Go through the listing below and write out exactly the lines from the one that mentions "2-к кв. Новосибирская" through the one that mentions "Bonjour, Je souhaite", minus the pictures.
++++ LISTED RECORDS
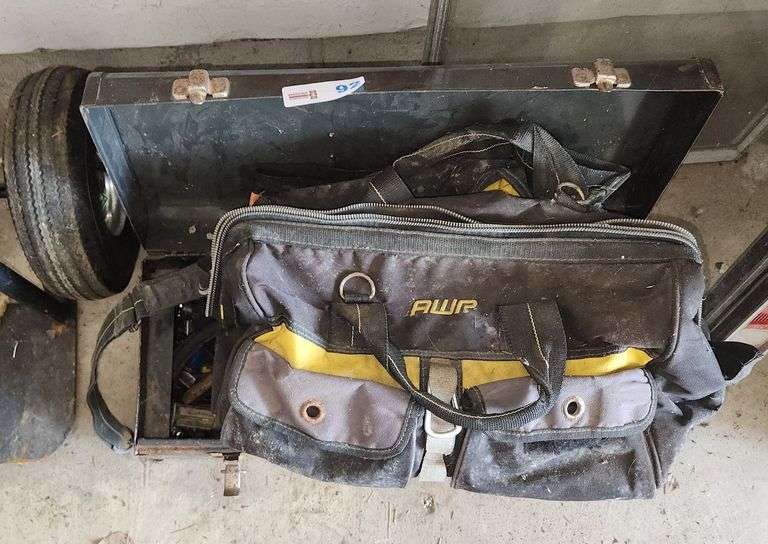 Tool box with a small amount of tools, bag with some tools and more
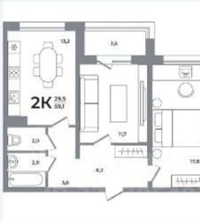 2-к кв. Новосибирская область, Новосибирск Беловежская ул., 1 (59.0 м²)
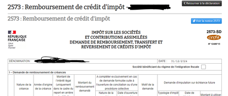 Bonjour, Je souhaite faire une demande de remboursement de CIR. Mais quand je vais dans les autres déclarations fiscales, et que je choisis la 2573, je ne peux pas choisir la période concernée...
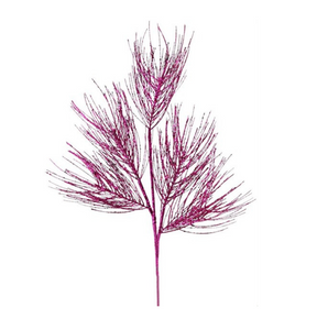 Outfit your Winter decor with this glittered pine spray to bring a shining element! This spray features long pine branches and needles, covered in fuchsia glitter, making this spray a must-have in any holiday wreath! This spray will pair well with Winter-themed decor just as well as with fitting floral enhancements! Consider using this spray in a wreath finished with decorative ribbon or ornaments; you may even add a Christmas sign to keep with the theme!
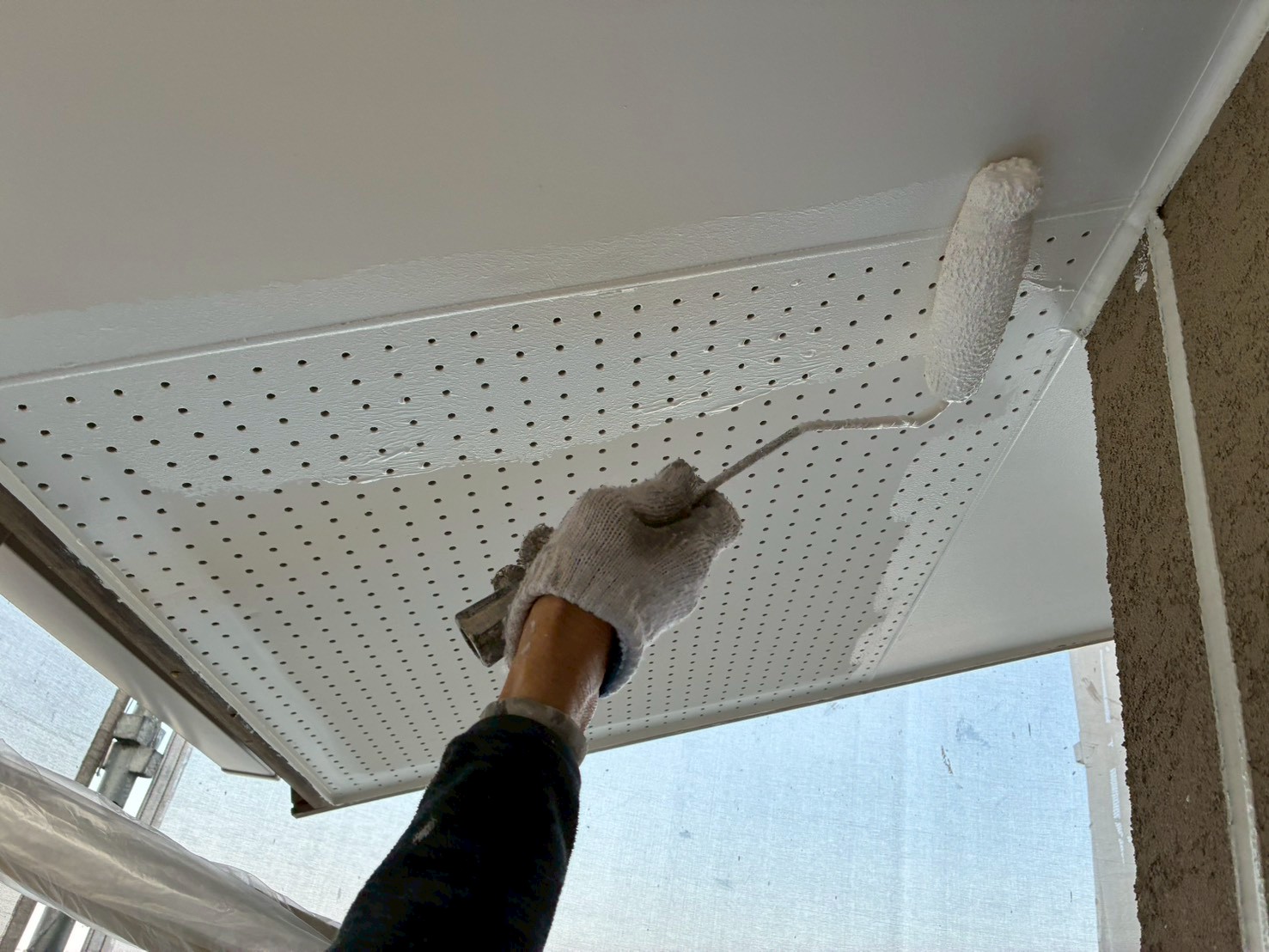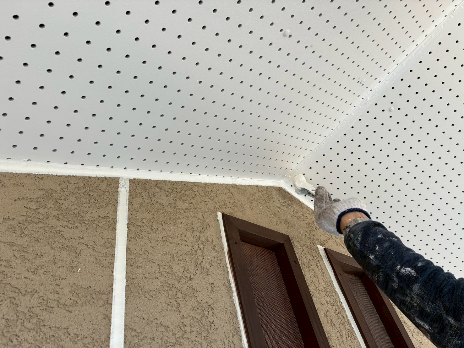 外壁の塗装前に軒天の塗装から始めていきます
++++++++
TASK OUTPUT:
 2-к кв. Новосибирская область, Новосибирск Беловежская ул., 1 (59.0 м²)
 Bonjour, Je souhaite faire une demande de remboursement de CIR. Mais quand je vais dans les autres déclarations fiscales, et que je choisis la 2573, je ne peux pas choisir la période concernée...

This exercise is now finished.